Monday, June 29, 2020

BEQ tk (Jim Q) 


LAT 2:42 (Amy) 


NYT 2:47 (Jenni) 


The New Yorker 10:51 (Rachel) 


Universal untimed (pannonica) 


WSJ 5:47 (Jim P) 


Peter Gordon’s New York Times crossword—Jenni’s review

Thanks to Amy for putting up the post and the grid while I was being a space cadet on Sunday evening. My apologies.

As she said, the theme is two-word phrases in which the second word is contained in the first word. There are helpful circles.

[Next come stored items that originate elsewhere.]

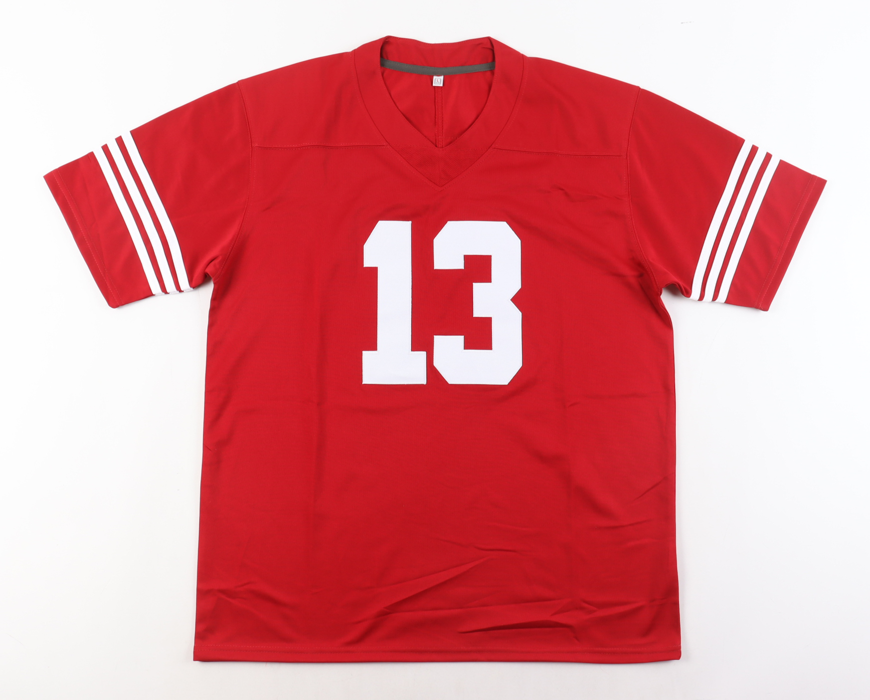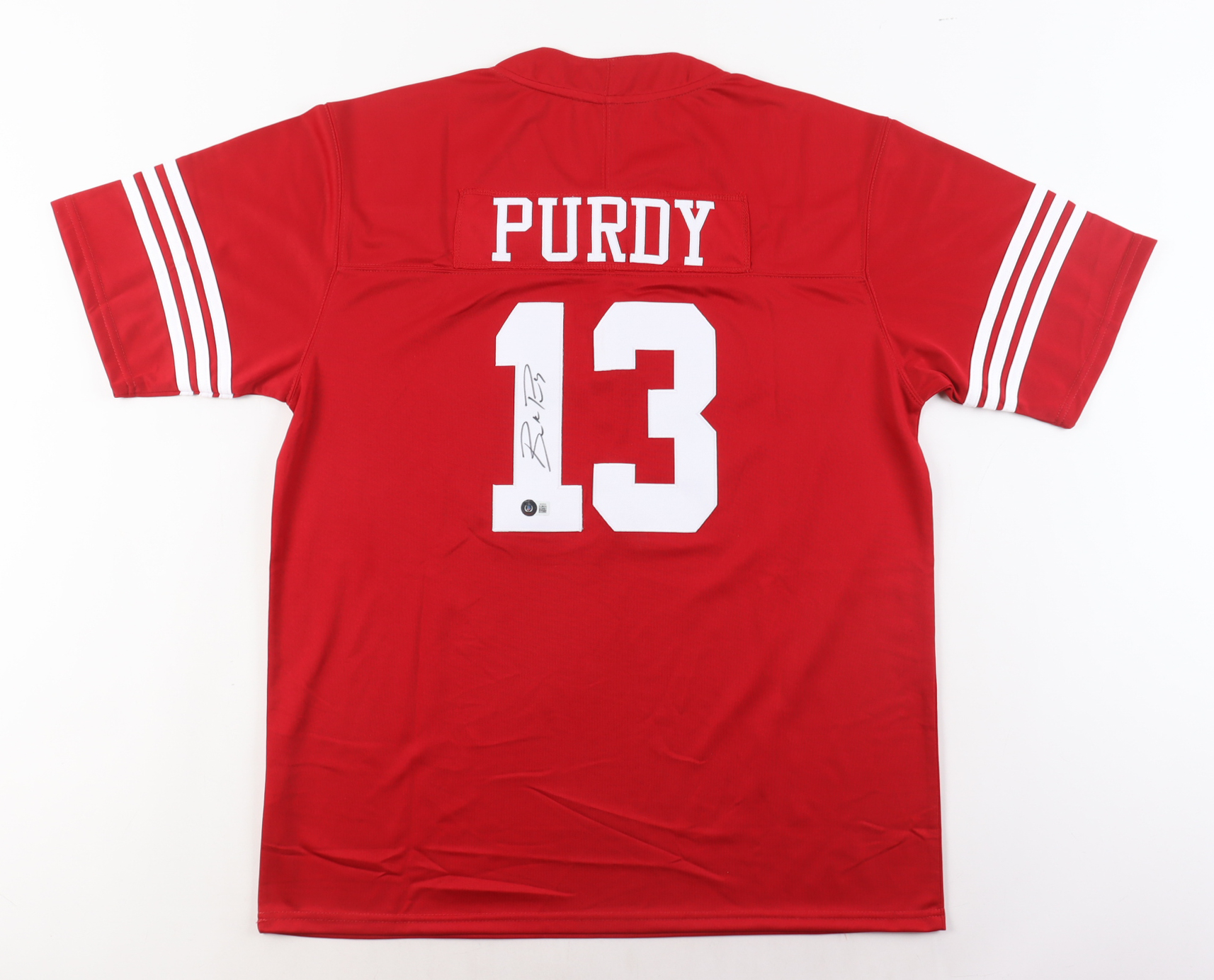 Custom jersey with everything sewn on, size L. Hand-signed by Brock Purdy.
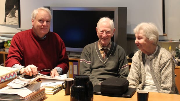 Finn Verner Nielsen, Bjarne Belhage og Gerd Belhage i Dansk Datahistorisk forening, april 2019 (privatfoto)
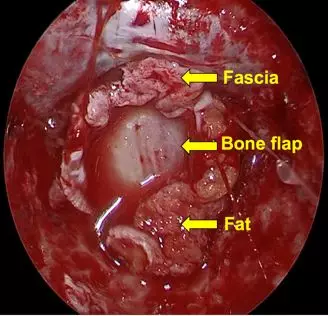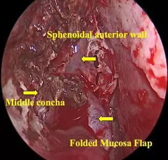 • Sellar floor reconstruction was performed using layers of fat, fascia, and nasal turbinate tissues
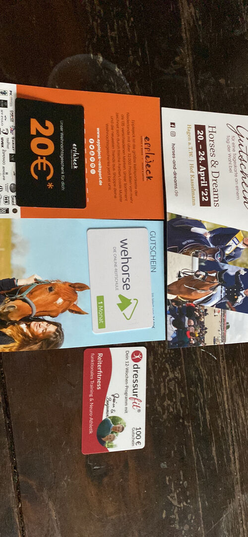 Kuponger - Några kuponger till salu. Ge prisförslag för varje kupong. - Dressurfit värt 100€ - wehorse värd 24,90€ - Hästar och drömmar biljett - epplejeck värd 20€
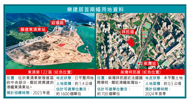 樂建居計劃兩幅用地資料。圖源:信報 “樂建居”計劃率先於今年底招標的東涌122區土地屬於海旁一帶的發展區,1.4公頃用地已平整,提供1600個單位。 明年初推出的市區用地位於柴灣祥民道,鄰近港鐵柴灣站,附近有不少工廠大廈,面積相對較小,只有0.5公頃,可建700個單位。發展商可投標官地或申請改劃私人地興建資助出售單位,以3折補地價。 單位數量設下限,實用面積不可小於280平方呎,7成單位要大於約375呎,以市價65折出售,符合申請居屋資格的市民均可申請,當局預計最快2028至29年度落成。 根據計劃,發展商須在指定時限一次過售出所有單位,政府不會回購未售出的單位。如單位未能售出,發展商可向政府補回地價。政府又指,假如發展商的建屋時間超出申請時所訂明的,會有罰則。 恒基兆業表示對任何可紓緩房屋問題的方案持開放和正面態度;而新世界則指集團早在2021年已成立社企,倡議發展私人資助房屋項目,將積極研究參與政府的“樂建居”計劃。(完) 【編輯:王軼南】
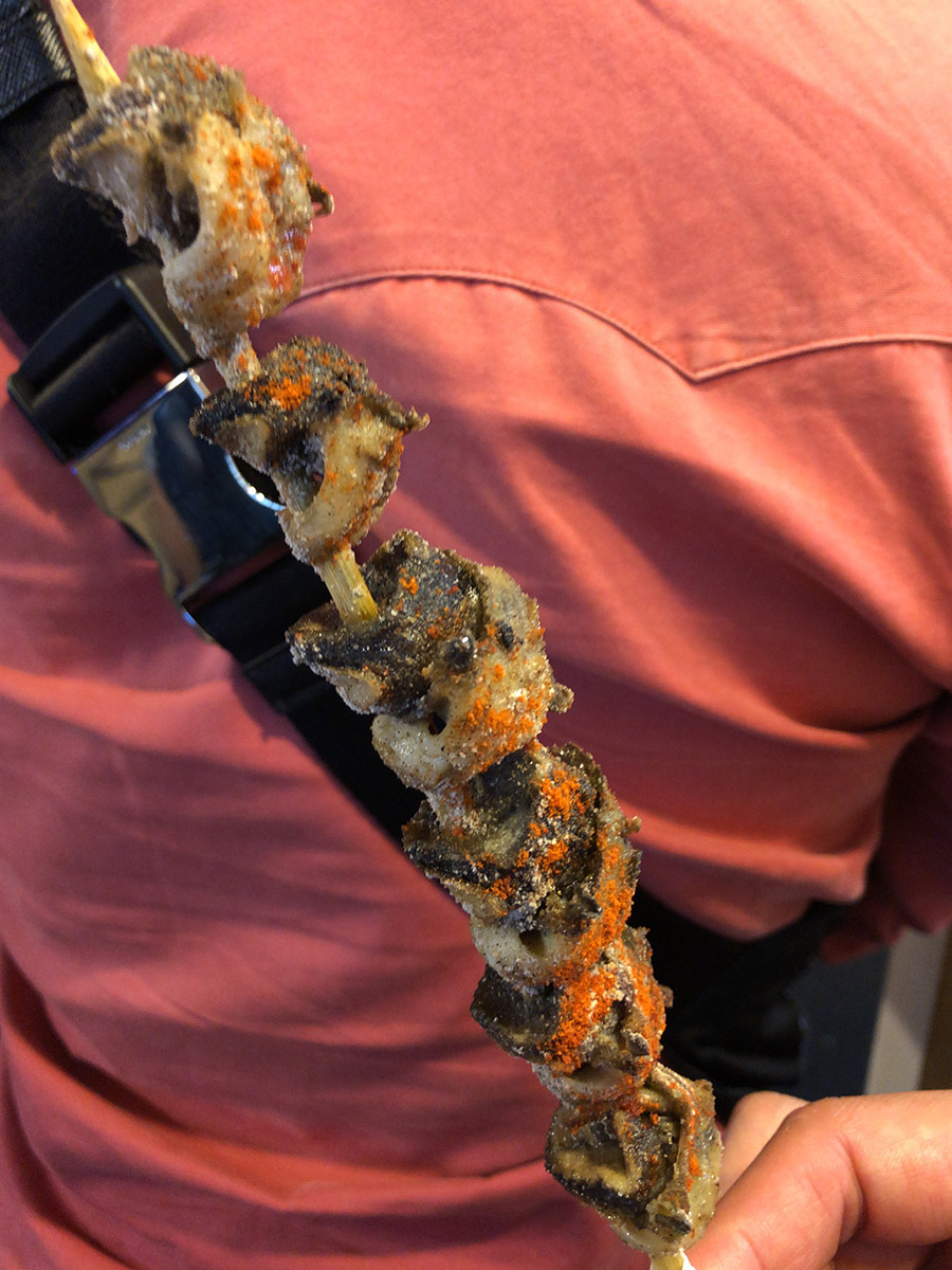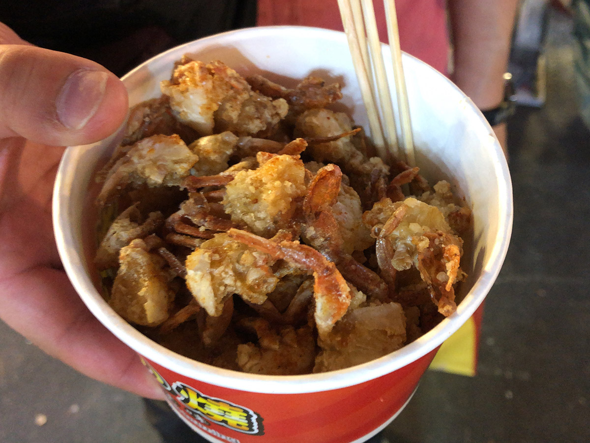 赴いたのは、饒河街観光夜市。士林と共に大きさで有名な夜市で、複数回台北を訪れたことのあるよっさんも行ったことがないというので、ここに行ってみることにした。土曜日の夜ということもあって、とても賑やか。
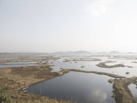 Sunset over the wetland with waterway at Suncheon Bay in South Korea
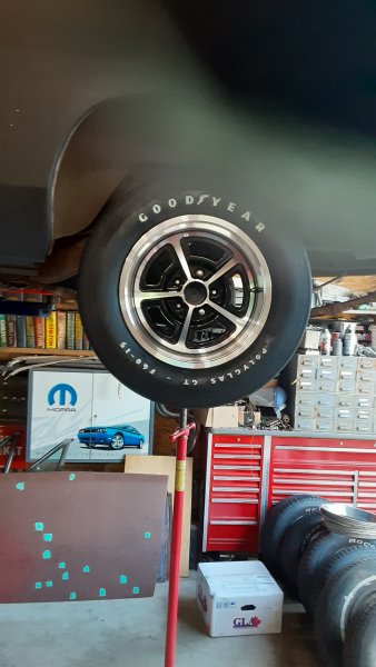Wish Ma Mopar had those back in the day. The year after the dealer took delivery of my GTX, he ordered an identical 1970 model, which wore the newly available 15" Rallyes. No dog dish caps on that one.The car looks great with the chrome Magnum 500 wheels on it! I recently bought these Dynacorn Magnum 500 wheels for my Daytona project I wanted the look of 14 inch Magnum wheels with trim rings, but wanted to run 15 inch Polyglass tires.

New York Times, June 29, 2020, #0629, solution grid

  • 18a [Position sought every six years] is a SENATE SEAT.
  • 20a [Close guy friend] is your MAIN MAN.
  • 26a [Home theater feature, maybe] is SURROUND SOUND.
  • 43a [Annual award for architects] is the PRITZKER PRIZE.
  • 52a [Safest course of action] is the BEST BET.
  • 56a [Pop-up store opportunity for bargain hunters] is a SAMPLE SALE.

It’s an accessible Monday theme that wasn’t a whole lot of fun to solve. I don’t want to be a SNEERER, so I’ll stop there. Except who says SNEERER?

A few other things:

  • I hate LICE, largely because of the irrational and classist policies about lice of most US public school systems. Emma had lice three times and luckily we never had to figure out how to keep her home – although we could have done it without either of us losing our jobs, unlike the parents of many of her classmates.
  • There will be professional baseball players AT BAT starting this week, with games scheduled for the end of July. Maybe. At this point I don’t trust anything.
  • 22a is the best clue in the puzzle: [In his Webby Lifetime Achievement Award acceptance speech (which is limited to five words), he said “Please don’t recount this vote”]. The answer is AL GORE.
  • OK, maybe that’s the second best, and the best is 38d [Long lunches?] for HEROS.
  • I tend to use far AFIELD metaphorically rather than literally. It’s clued here with the parenthetical (a long distance away).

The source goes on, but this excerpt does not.